Tudo isto significa que quando ouvimos políticos, outros líderes ou qualquer pessoa dizer que estão a “ouvir a ciência”, temos de nos perguntar que parte da discussão eles poderão não estar ouvindo – ou talvez não queira falar sobre isso. Ouvir verdadeiramente a ciência significa aceitar que a ciência, embora útil, não substitui o julgamento humano honesto que diferirá razoavelmente entre os indivíduos e ao longo do tempo numa sociedade diversificada e dinâmica. Significa que devemos estar preparados para mudar de ideias se novos dados nos sugerirem que não vale a pena fazer compensações entre potenciais danos e benefícios potenciais.

Existem algumas questões em que já existe um amplo acordo sobre compensações que vale a pena fazer. Por exemplo, os inquéritos dizem-nos que a grande maioria dos americanos apoia a exigência de vacinação contra doenças infantis potencialmente devastadoras para frequentar a escola. Mas para a maioria das pessoas, o flúor representa uma nova discussão, e aí, um debate de boa fé envolve considerar os reais benefícios do flúor para a saúde bucal, avaliar rigorosamente quaisquer riscos de toxicidade do excesso de flúor e reconhecer a maior disponibilidade de outras fontes de flúor em cremes dentais, enxaguatórios bucais, suplementos e vernizes do que no século passado. Mentes razoáveis ​​poderiam chegar a conclusões diferentes, e é por isso que as comunidades nos EUA e no exterior estão optando por adicionar e para remover flúor do abastecimento público de água.
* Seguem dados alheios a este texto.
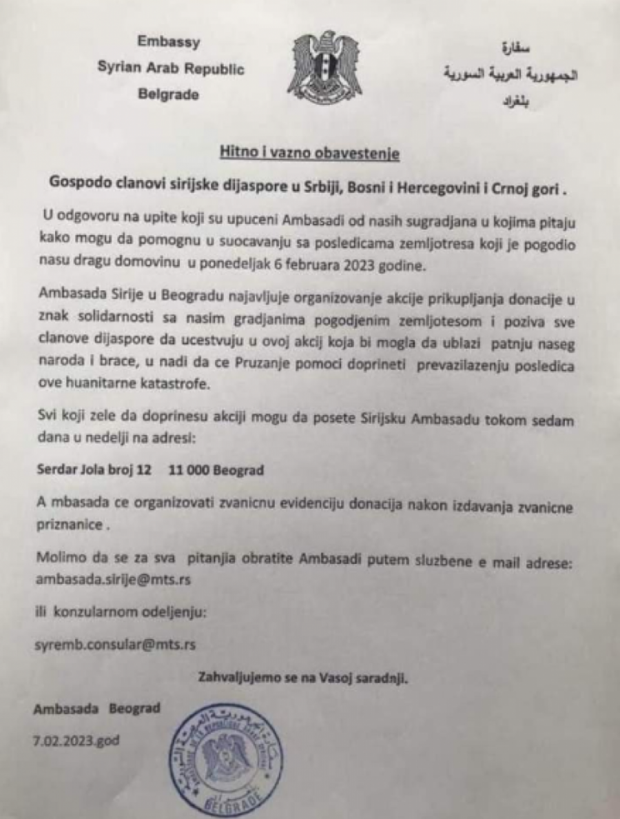 Svi građani Srbije koji su u prilici mogu da pomognu građanima Turske i Sirije, informacije su na sajtovima ovih ambasada. Ambasada Sirije u Beogradu obavestila je svoje sugrađane, članove sirijske dijspore u Srbiji, BiH i Crnoj Gori, da će organizovati akcije prikupljanja donacija, te poziva sve da učestvuju u ovoj akciji.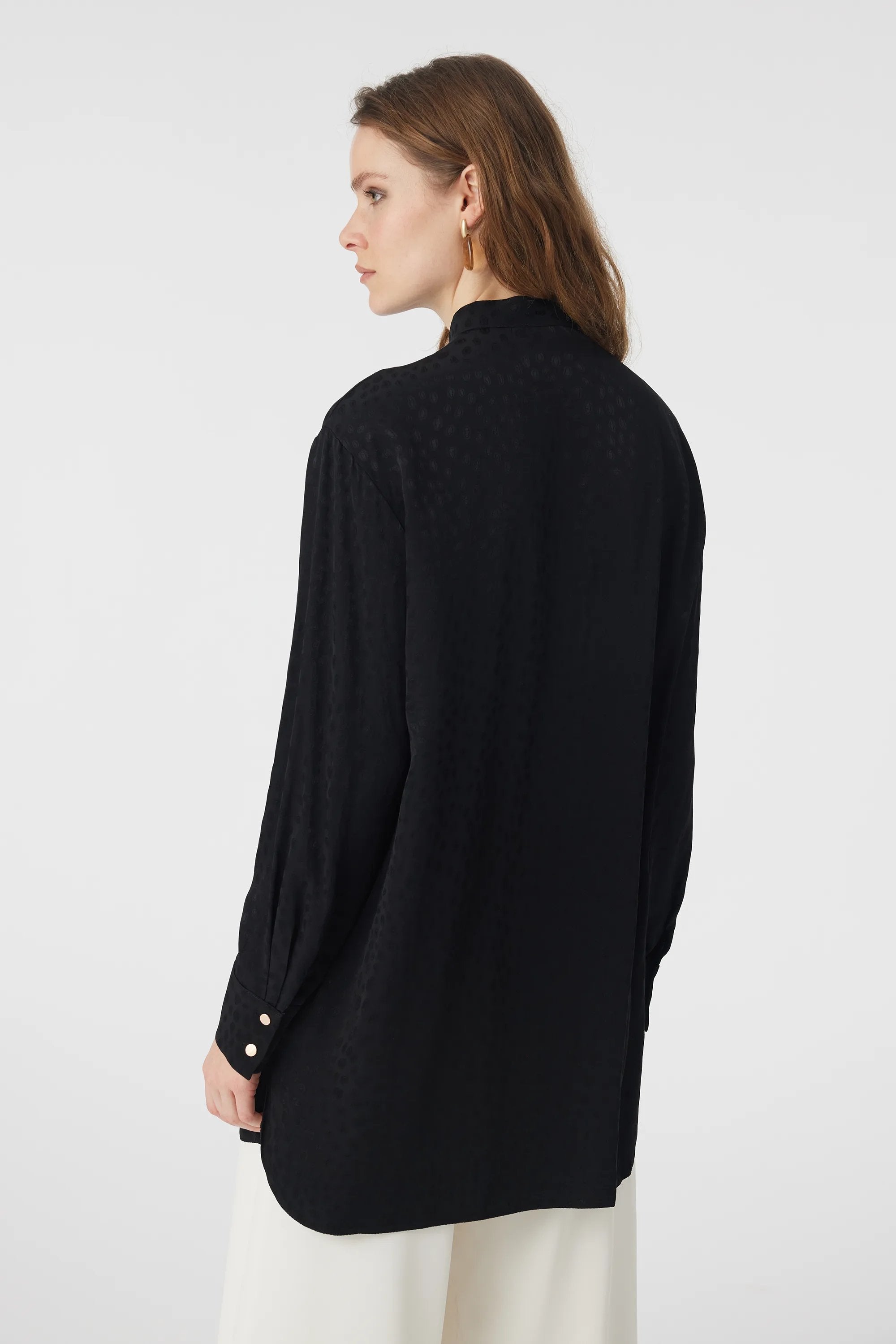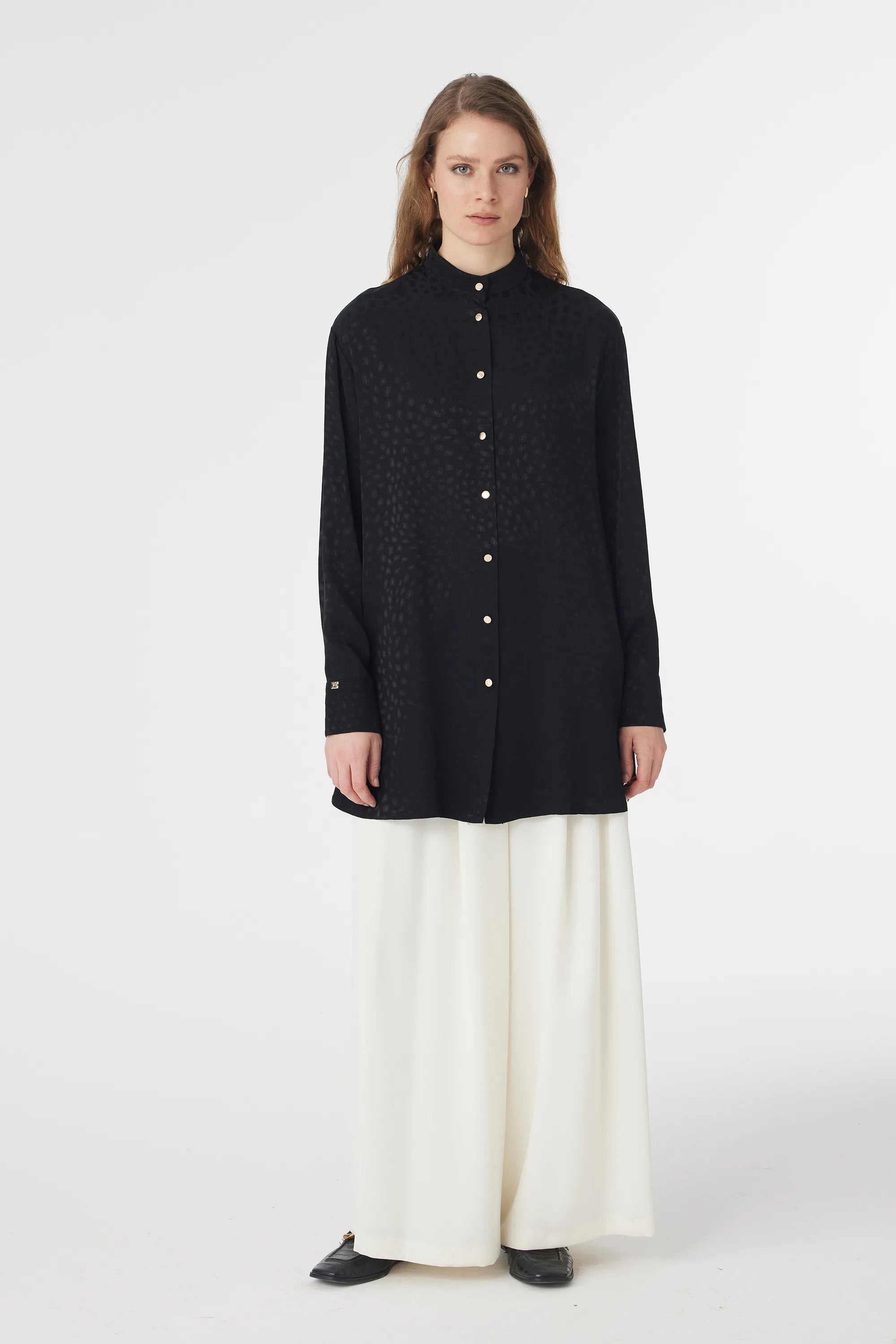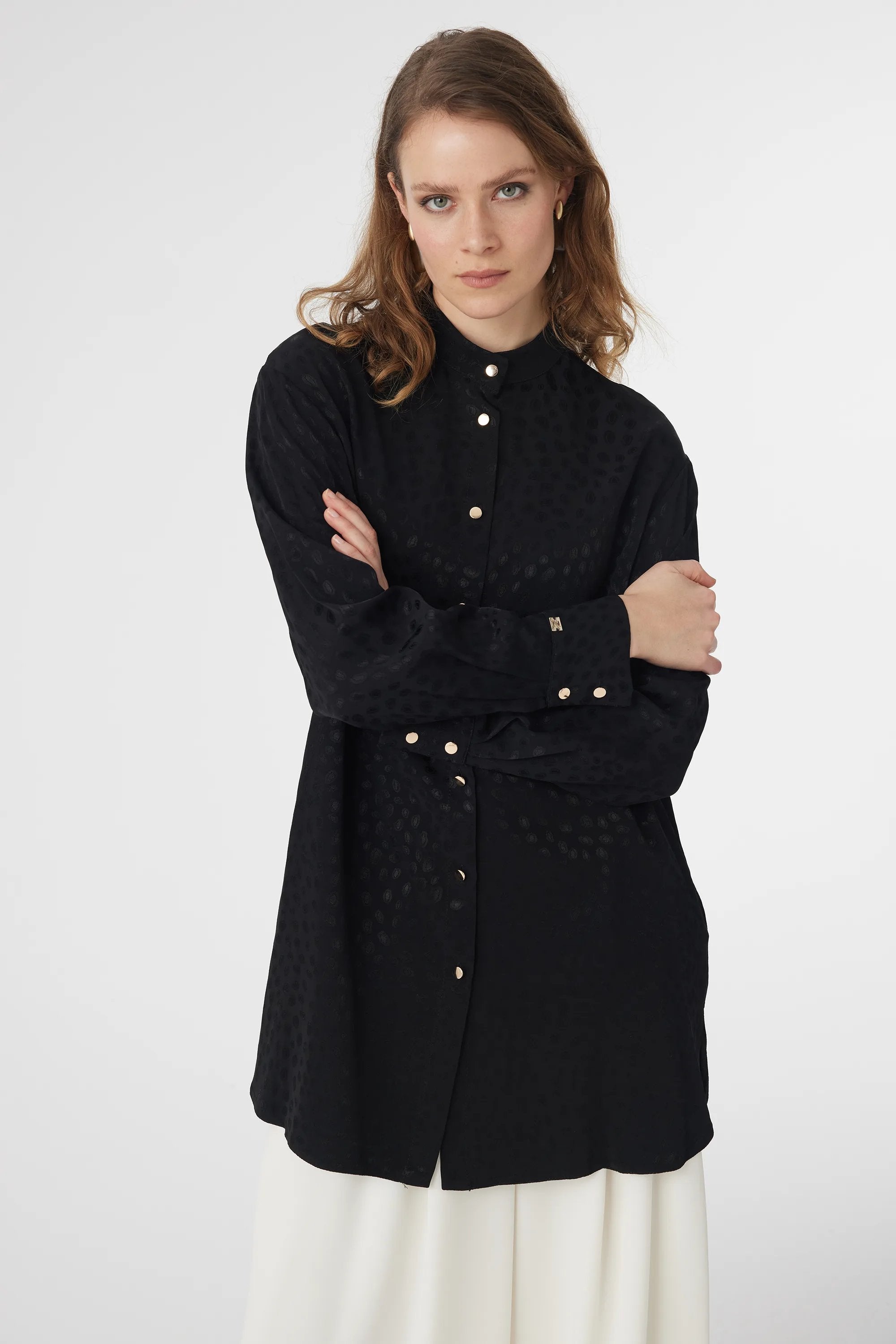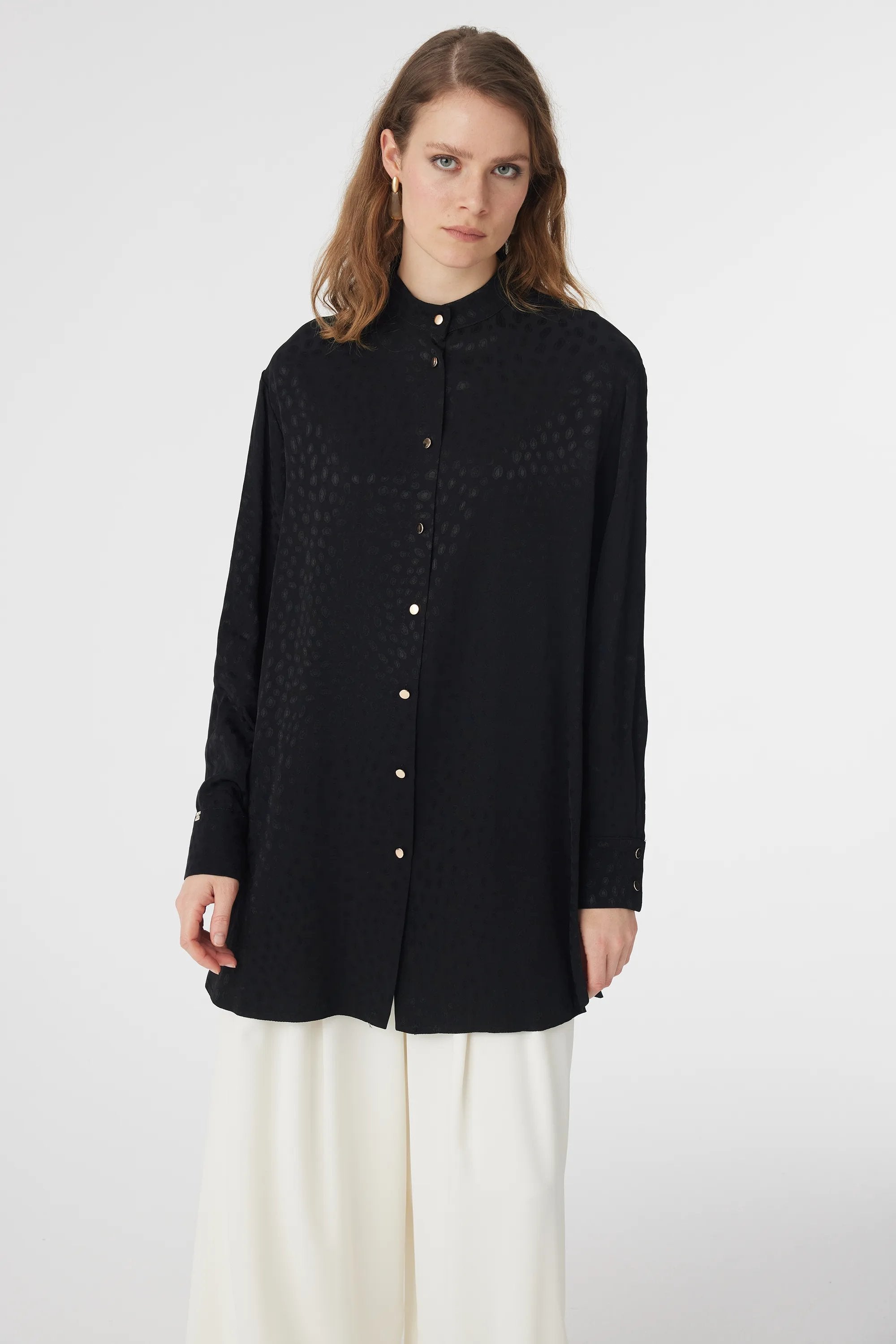 Hakim Yaka Düğmeli Desenli Siyah Gömlek 0124

Avançar em discussões transparentes e baseadas em evidências sobre as compensações em jogo nas decisões de saúde pública – sem serem obscurecidas por pesquisas distrativas, mal interpretadas ou inexistentes que na verdade não informam essas compensações – pode nos ajudar a tomar melhores decisões coletivas para nossa saúde, e poderia ajudar a reconstruir a confiança em declínio na saúde pública.